Укрепление, называемое "бикет", имеет вид огромного тура. Оно обнесено высокой плетневой огорожей, снизу по грудь двойной, с небольшим промежутком, засыпанным землей. Мелкий и узкий ров опоясывает огорожу. Сторожевая вышка и вещая фигура составляют служебные принадлежности пикета, как и поста. Но на посту дымится труба хаты, более или менее гостеприимной, пикет же не представляет другого приюта, кроме шалаша, с разложенным посредине его огоньком и с растянувшимся около огонька котом. Кот делит сухарь с казаком в этом глухом, угрюмом аванпостном шалаше и дарит его единственным мирным и мягким впечатлением, единственным отрадным развлечением среди бессменных грозных впечатлений боевой черты, среди бессменных суровых дум об опасности и неприятеле. Вернувшись из поиска, казак подсядет к огоньку сушиться; его чело хмурится, его ус топорщится, на душе тяжело, в голове смутно. Подойдет на цыпочках котик и умильно уставит на него свои добрые серые глазки. Казак его оттолкнет, но котик подойдет немного спустя в другой раз. Казак его погладит и нежно подергает за жидкий ус. Тогда кот повиляет ему дружелюбно хвостом и помурлычет воспоминанием о своей бабушке, с которой играют где-то казачата. И вот морщины слетели с чела, ус прилег, от сердца отошло и на душе казака стало опять светло. Добрая казацкая душа не зачерствеет и не заплесневеет ни в какой трущобе, ни среди каких суровостей военного быта...

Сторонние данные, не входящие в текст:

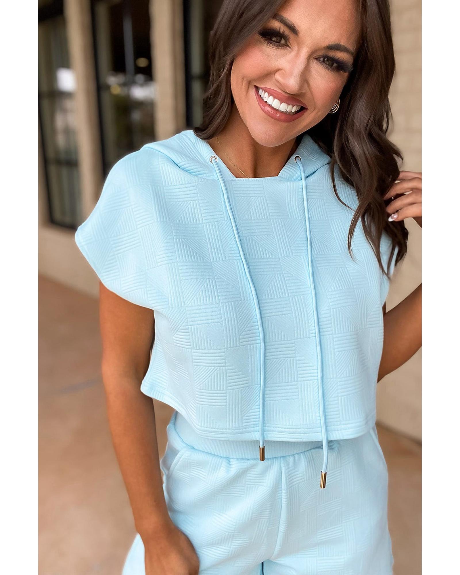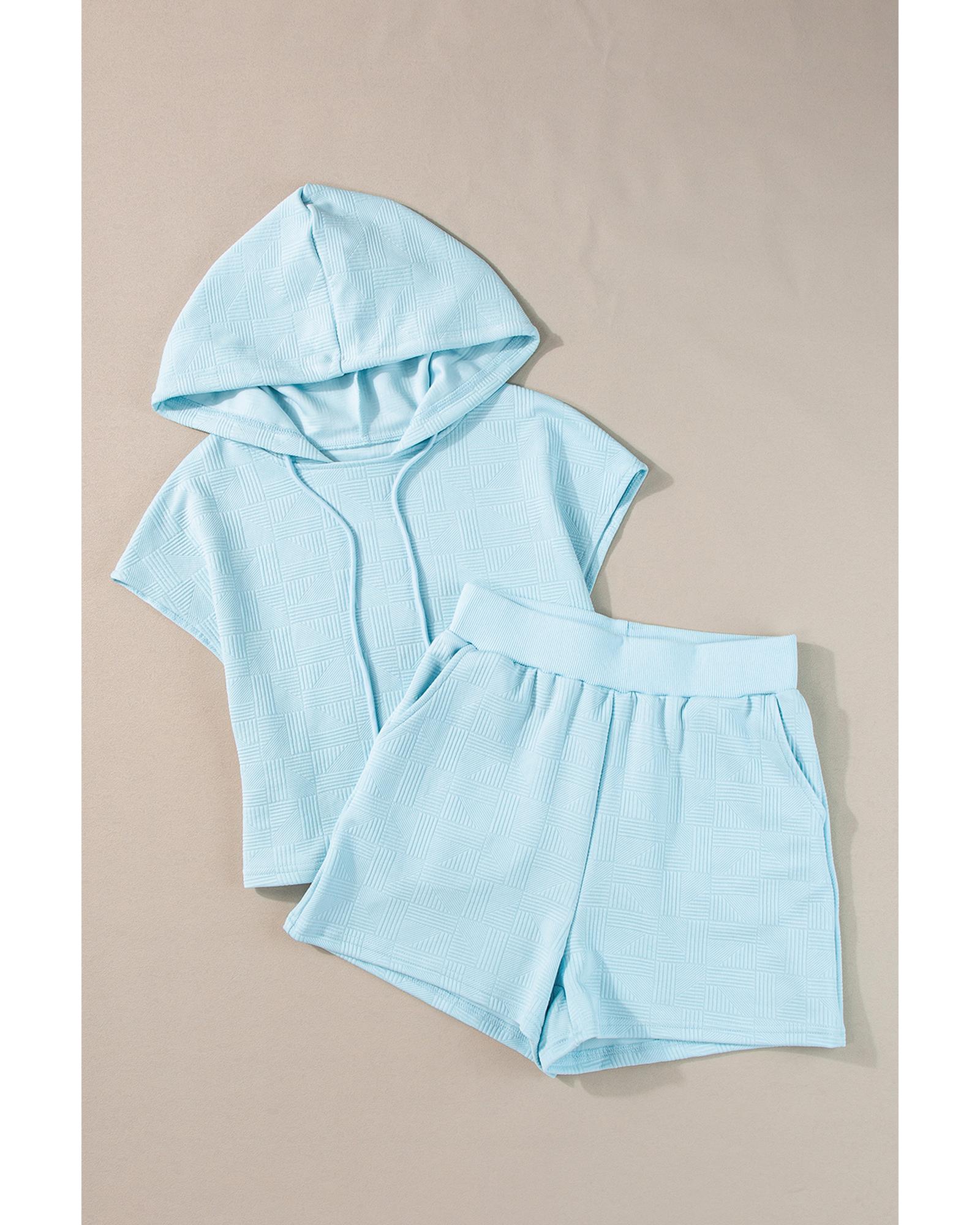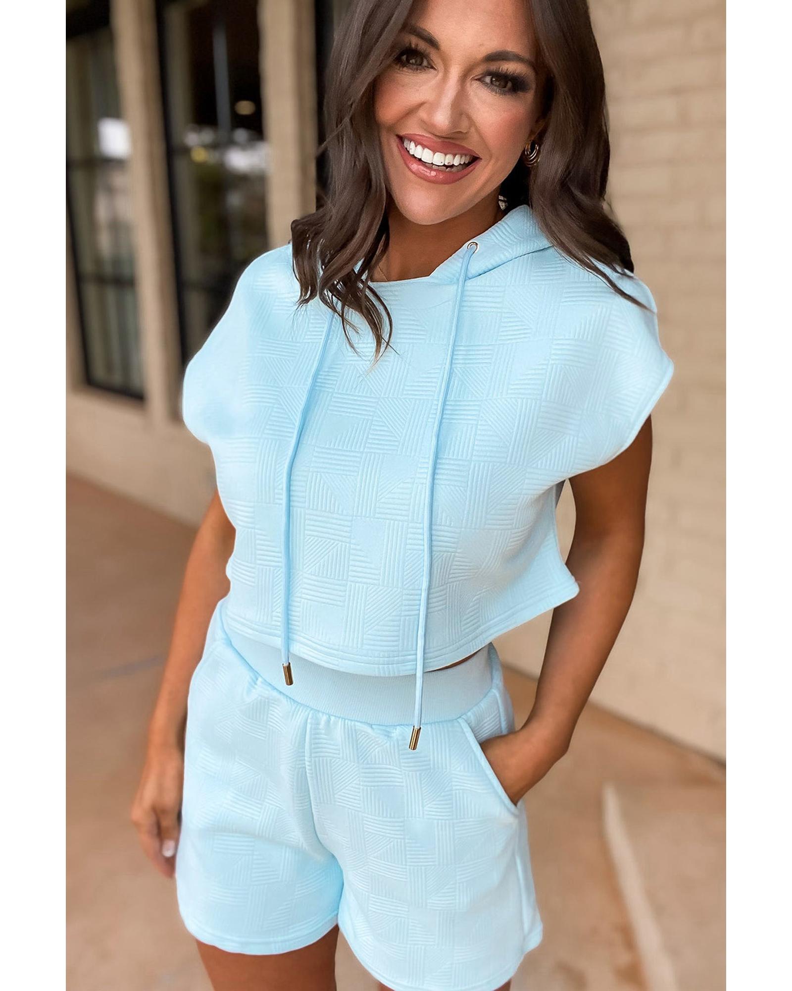 Beau Blue Textured Cropped Hoodie and Shorts Set – XL

В пикете помещается от трех до десяти казаков. Черноморцы способны держаться и за этими ненадежными защитами. Свойственный им недостаток ловкости и увертливости они с лихвой вознаграждают твердостью и стойкостью. Только б сказали им стоять, так постоят. Каждый человек за себя возьмет. Не будучи поэтому похожи на тех прихотливых воинов, которым нужно, чтоб сорок веков на них смотрели, они черпают силу и мужество в решительные минуты боя из своего задушевного прадедовского убеждения: "Бог не без милости, а казак не без доли (не без счастья)". Были примеры, что человек десяток дружных односумов, внезапно осажденных в своем плетневом кошеле, с виду готовом скатиться в Кубань от одного толчка, не думали сдаваться на предложение черкес, сделавшееся ходячей поговоркой: "Эй, Иван, гайда за Кубань", не теряли головы и геройски выдерживали яростные приступы. Припав за плетневую загату, с прикладом при щеке, а шапки выставив выше своих голов, против плетневых амбразур, чтоб туда направить первый жестокий огонь неприятеля, они упорно и лихо отбивались, нанося сильный вред осаждающим, пока наконец не бывали выручены. И нередко кто-нибудь из них оставался еще невредим, чтоб отворить подошедшей подмоге дверь плетневой крепостцы. Такова история "суровской батарейки", получившей свое название от приказного Сура. Этот Сур с десятью товарищами отбил несколько натисков огромной толпы щапсугов, стремившихся на разгром куреня Полтавского, и мало того, что сам отбился, он спас еще курень, дав ему время приготовиться к обороне.

В нынешнее время горцы редко затрагивают пикеты, и когда открыто переходят линию, то ограничиваются одним наблюдательным облежанием их. Для чего толпа, несущая огонь и меч в казацкую землю, оставляет на линии отряд, который не дает казакам выйти из пикета с донесением на пост и вместе с тем обеспечивает наступающим своим силам отступление и обратную переправу через Кубань.

Старые черноморцы, между которыми много было "водяных", то есть приученных к действию на лодках служак, придумали было, вдобавок к сухопутным линейным укреплениям, плавучие караульни, двигавшиеся по всему низовому течению Кубани, от Екатеринодара до устьев. Эти кочевые пикеты назывались "байдаками", и число их простиралось до двадцати. Они устраивались наподобие паромов, но имели весла и слушались руля. Вооружались они фальконетами и по борту, обращенному к неприятельскому берегу, прикрывались шерстяными щитами с отверстиями для ружей. На каждом из них помещалось до тридцати пяти пеших казаков, с кухней и запасами. Один такой байдак, с двумя офицерами и двадцатью восемью казаками, был истреблен горцами в 1802 году. Байдаки гонялись за двумя зайцами и ни одного не ловили. Но что еще невыгоднее — они оставались в бездействии большую половину года, через обмелевание и замерзание Кубани. А потому существование этих кордонных амфибий кончилось превращением их в простые паромные переправы через Кубань и Протоку.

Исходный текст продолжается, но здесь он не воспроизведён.